We now have the inverse of the set we matched before. In other words, the values in Column 1 correspond to the lines that don't start with a tab character.

(Eagle-eyed participants may have noticed that clicking on invert when we had a filter for lines with tabs, we would have got the same result. There is usually multiple ways to achieve the same thing in OR!)

Let's put this in a separate column called heading.


steps:
  • Column 1 menu > Edit column > add column based on this one
  • New column name => heading
  • Click OK
  • Column 1 menu > Edit column > Remove this column

We don't need Column 1 any more, so we remove it.

Undo/Redo

Don't be afraid to delete data! It's easy to step backwards and forwards through the steps in a project. In the left hand panel, there is a tab for Undo / Redo. We can jump back to a prior state just by choosing an earlier item in the list.

In addition to this, we can extract a list of operations and reapply them. This is an advanced topic at this stage, however.

For now, let's jump back to the start:


steps:
  • Choose the Undo / Redo tab on the left
  • Choose the first step 0. Create project

Often, there's more than one way to get to the same result in OR. At any given time, you can only see a fraction of what might occur in the total dataset. In the process of exploring, you may discover irregularities that make previous steps invalid. Do not fear stepping back and repeating steps. Often there are better ways of doing things once you understand the data. For instance, we can create our two columns with a single step:


steps:
  • Column 1 menu > Edit Column > Split into several columns
  • Separator => \t (check regular expression)
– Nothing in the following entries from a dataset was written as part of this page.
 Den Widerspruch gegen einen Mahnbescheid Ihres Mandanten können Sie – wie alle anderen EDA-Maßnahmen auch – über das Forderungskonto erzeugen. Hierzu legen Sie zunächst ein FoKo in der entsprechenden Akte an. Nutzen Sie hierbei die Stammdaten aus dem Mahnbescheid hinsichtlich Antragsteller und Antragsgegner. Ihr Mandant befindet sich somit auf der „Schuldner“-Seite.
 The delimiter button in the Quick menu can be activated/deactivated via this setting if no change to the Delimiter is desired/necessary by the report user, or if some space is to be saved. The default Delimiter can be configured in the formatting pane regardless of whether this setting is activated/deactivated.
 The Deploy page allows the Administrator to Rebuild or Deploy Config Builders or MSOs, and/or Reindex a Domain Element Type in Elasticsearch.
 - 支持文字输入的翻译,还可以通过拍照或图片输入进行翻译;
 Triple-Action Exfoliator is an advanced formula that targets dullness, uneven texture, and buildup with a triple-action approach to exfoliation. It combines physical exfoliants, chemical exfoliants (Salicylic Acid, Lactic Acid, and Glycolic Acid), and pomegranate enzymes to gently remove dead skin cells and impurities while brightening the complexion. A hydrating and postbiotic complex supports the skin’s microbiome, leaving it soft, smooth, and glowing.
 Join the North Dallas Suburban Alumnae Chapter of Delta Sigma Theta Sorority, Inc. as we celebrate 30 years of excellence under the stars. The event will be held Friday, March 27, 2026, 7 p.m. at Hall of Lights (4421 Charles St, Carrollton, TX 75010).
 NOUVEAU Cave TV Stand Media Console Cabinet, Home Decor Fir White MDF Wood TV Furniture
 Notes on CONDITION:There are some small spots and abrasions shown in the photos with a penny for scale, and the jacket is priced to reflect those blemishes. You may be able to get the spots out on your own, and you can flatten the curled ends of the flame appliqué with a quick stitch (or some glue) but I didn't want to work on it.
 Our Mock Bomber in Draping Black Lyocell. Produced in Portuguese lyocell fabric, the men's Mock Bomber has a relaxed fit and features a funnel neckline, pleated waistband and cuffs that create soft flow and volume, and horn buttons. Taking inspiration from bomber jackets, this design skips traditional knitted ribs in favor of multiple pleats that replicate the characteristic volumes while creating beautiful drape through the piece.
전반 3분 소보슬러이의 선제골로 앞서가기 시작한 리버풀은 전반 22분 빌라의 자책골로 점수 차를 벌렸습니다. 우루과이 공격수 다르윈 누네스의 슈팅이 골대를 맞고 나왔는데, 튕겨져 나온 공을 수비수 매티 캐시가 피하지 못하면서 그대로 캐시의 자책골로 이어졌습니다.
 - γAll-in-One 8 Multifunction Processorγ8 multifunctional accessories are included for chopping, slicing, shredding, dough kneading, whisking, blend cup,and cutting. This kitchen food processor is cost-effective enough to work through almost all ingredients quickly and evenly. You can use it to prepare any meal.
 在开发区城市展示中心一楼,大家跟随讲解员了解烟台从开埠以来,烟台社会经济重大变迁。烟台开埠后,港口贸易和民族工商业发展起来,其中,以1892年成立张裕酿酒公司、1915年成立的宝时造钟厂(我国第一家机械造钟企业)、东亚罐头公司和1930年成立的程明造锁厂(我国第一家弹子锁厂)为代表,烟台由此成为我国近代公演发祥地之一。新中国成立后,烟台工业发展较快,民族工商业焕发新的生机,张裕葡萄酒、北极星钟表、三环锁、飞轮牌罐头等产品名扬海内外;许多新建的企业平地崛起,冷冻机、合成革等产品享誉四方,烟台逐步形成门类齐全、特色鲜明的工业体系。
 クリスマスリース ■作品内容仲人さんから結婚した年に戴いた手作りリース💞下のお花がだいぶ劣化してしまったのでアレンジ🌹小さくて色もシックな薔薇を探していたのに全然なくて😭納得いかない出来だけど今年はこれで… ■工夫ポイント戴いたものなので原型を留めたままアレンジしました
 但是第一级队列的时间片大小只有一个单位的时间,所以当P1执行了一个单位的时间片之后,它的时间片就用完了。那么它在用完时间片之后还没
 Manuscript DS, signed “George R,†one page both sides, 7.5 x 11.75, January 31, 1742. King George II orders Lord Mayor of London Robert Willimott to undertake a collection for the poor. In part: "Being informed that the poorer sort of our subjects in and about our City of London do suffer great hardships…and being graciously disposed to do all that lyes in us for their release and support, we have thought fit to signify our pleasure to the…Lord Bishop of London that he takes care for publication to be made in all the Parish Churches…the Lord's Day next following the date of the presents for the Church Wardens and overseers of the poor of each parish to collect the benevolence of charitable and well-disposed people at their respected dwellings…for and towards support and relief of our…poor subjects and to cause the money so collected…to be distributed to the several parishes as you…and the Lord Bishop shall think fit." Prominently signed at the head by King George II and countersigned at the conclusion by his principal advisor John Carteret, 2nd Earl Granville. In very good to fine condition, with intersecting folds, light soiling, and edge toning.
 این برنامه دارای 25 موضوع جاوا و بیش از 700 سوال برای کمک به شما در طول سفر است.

This should produce an almost identical result in a single step. We'll rename the columns and then the solution is identical:


steps:
  • Column 1 1 menu > Edit column > Rename this column => heading
  • Column 1 2 menu > Edit column > Rename this column => indent

Records

We now have the beginnings of a "record" structure. If we switch from rows to records, items in the indent column are grouped under our heading values.

Records are extremely useful, and they are determined by the column in the left-most position. With a little care, we can construct multiply-nested structures and operate on any level in that nesting.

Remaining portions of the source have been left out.